Собравшись с духом и все мысленно рассчитав, я прыгнул вперед, оттолкнувшись от ствола дерева.
Это был чудесный прыжок, достойный быть занесенным в какую-нибудь особую книгу рекордов. Руки я вытянул вперед и пронесся сквозь листья, как снаряд, выпущенный из мортиры, удачно приземлился сверху прямо на летчика, тут же вцепившись в него руками и обхватив ногами для пущей уверенности.
Немец такого поворота событий не ждал, его шатнуло, он вскрикнул, но пистолет из руки все же не выронил, и через мгновение, сориентировавшись, попытался навести его на меня.
Я висел на нем, как бульдог вцепившийся в палку, и лишь чудом сумел перехватить его руку за запястье, прежде чем он выстрелил. Пуля ушла в сторону, лишь чуть опалив мне щеку жаром. Я сдавил его запястье изо всех сил, а хватка у меня была богатырская — спасибо ежедневным тренировкам с нагрузками.
Сломать ему руку я не сумел, но, видно, сжал крепко — пальцы летчика разжались и пистолет, кувыркаясь в воздухе, полетел на землю.
Свободной рукой я взял нож и приставил его к горлу фашиста.
— Хэнде хох, сука! Гитлер капут!
Он скосил глаза вниз и тихо констатировал:
— Scheiße! Ich bin im Arsch!
*(нем.) Дерьмо! Я в жопе.
— Вот именно! — довольно подтвердил я и начал резать стропы над его головой, сам при этом надежно схватившись за одну из строп левой рукой, и держась за немца лишь ногами.
Этот акробатический трюк мог плохо кончиться, как для меня, так и для моего пленника, но я надеялся, что майор сообразит и сумеет поймать летчика.
Немец внезапно исхитрился и вцепился зубами мне в правую ляжку. Я заорал от неожиданности и боли, и в тот же момент последняя стропа лопнула с громким хлопком, фашист полетел вниз, вопя во всю луженую глотку. Я же остался болтаться наверху, вновь схватил нож в зубы, начал раскачиваться вперед-назад, и, выждав момент, сиганул, зацепившись за ближайшую ветку. Она тут же сломалась, но я уже схватился за соседнюю и закрепился на дереве.

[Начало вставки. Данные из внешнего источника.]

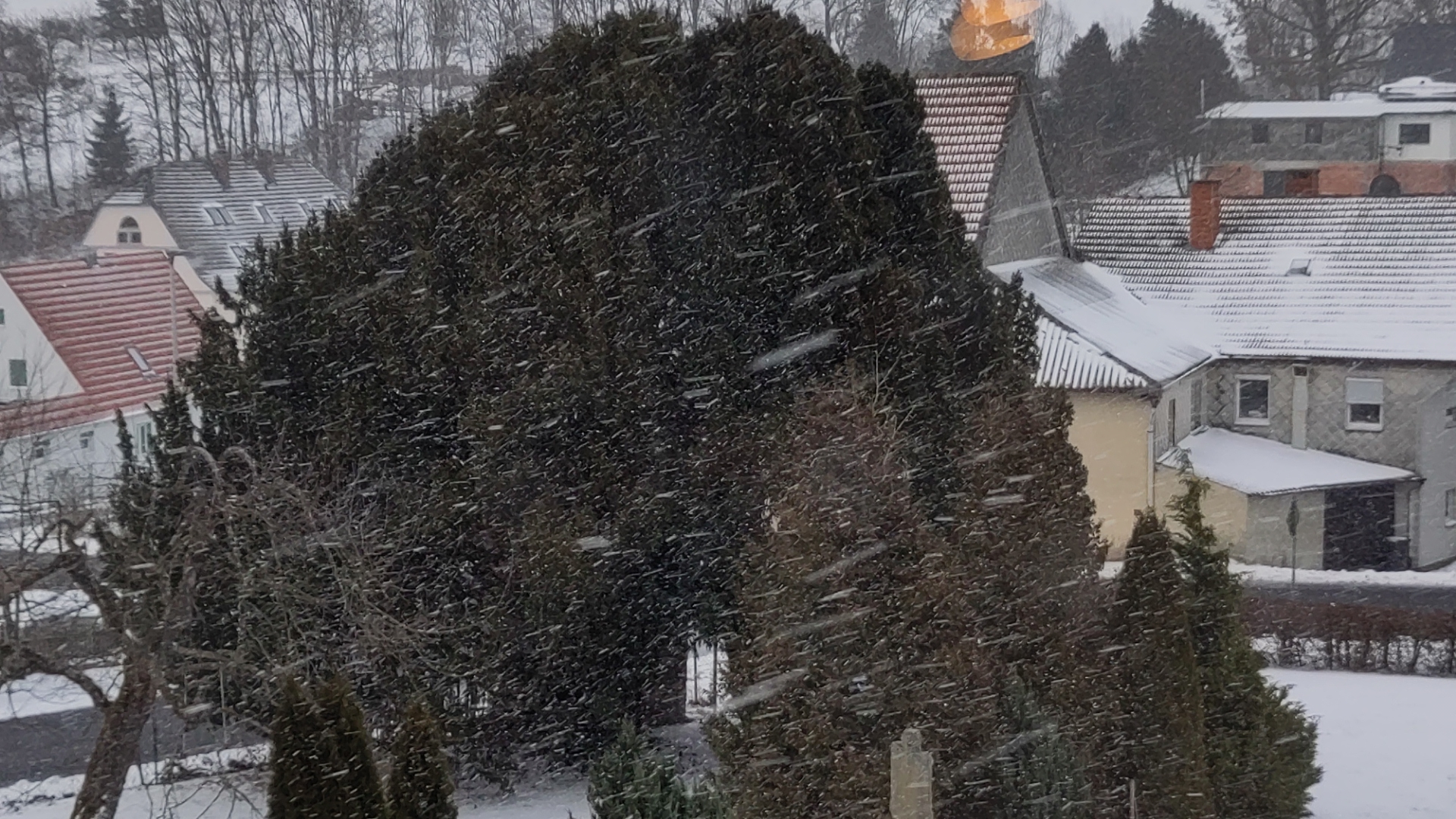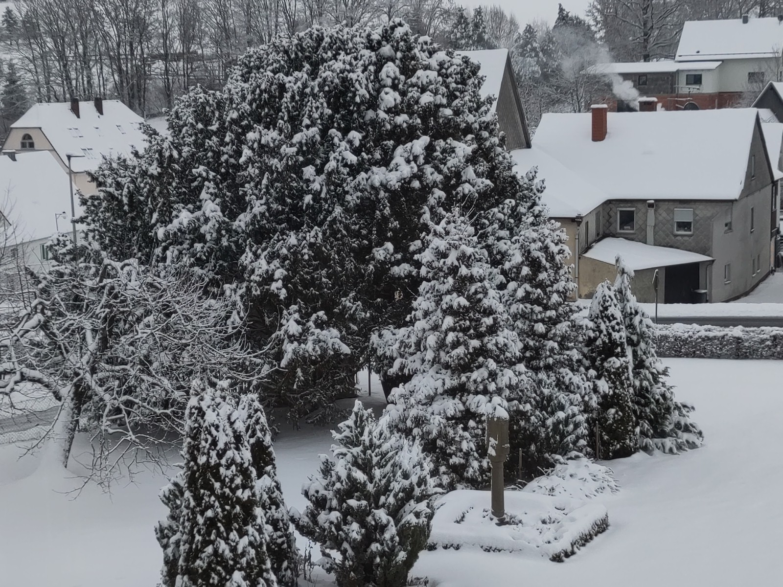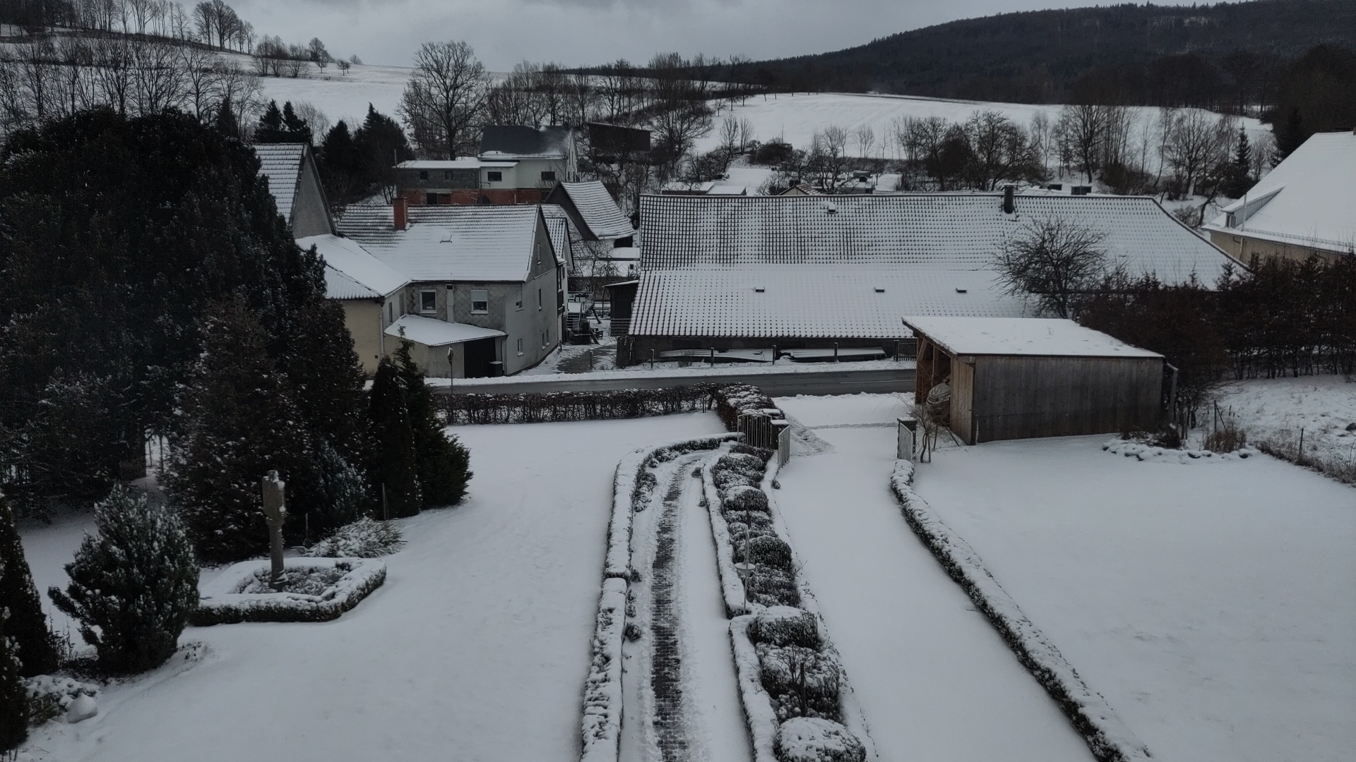 Gleich Anfang Dezember 2022 gab es schon etwas Schnee, aber dann wechselten sich Winter- und Herbstwetter erst ein paar mal ab. Mitte Dezember wurde es dann richtig kalt und die Temperaturen fielen deutlich unter 0° C; sie erreichten sogar -12° C. Die Umgebung war weiß gepudert und auf dem Kreuzberg und der Hochrhön lag schon richtig ordentlich Schnee. Aber das war leider auch nicht von Dauer: Vor Weihnachten taute die weiße Pracht wieder ab und es gab viel stürmisches Regenwetter. Damit bewahrheitete sich eine der rhöner Bauernregeln: "Wenn die Martinsgans im Schnee geht" (d.h. wenn es Mitte November einen Kälteeinbruch gibt), "dann geht das Christkind im Matsch" (d.h. dann ist zur Weihnachtszeit zu warm für Schnee).

Уф! Адреналин стучал в висках, тело было напряженным.
Спуск оказался куда труднее подъема, но я не спешил — еще не хватало свалиться, когда дело сделано.
Где-то внизу раздался глухой звук удара, довольный вскрик Перепрыги и тут же громкий приказ майора:
— Отставить! Не трогать пленного!
Как я и ожидал, у майора все получилось. Немец был жив и валялся в бессознательном состоянии на земле со стянутыми за спиной руками. На лбу у него наливался синим цветом сочный синяк. Майор, имени которого я не знал, сидел у него на спине и курил папиросу, выпуская густой дым в светлеющее небо. А рядовой Перепрыга стоял рядом, наведя на летчика винтовку, ударом приклада которой он, судя по всему, и приложил фашиста. Тоже, значит, проявил участие в задержании.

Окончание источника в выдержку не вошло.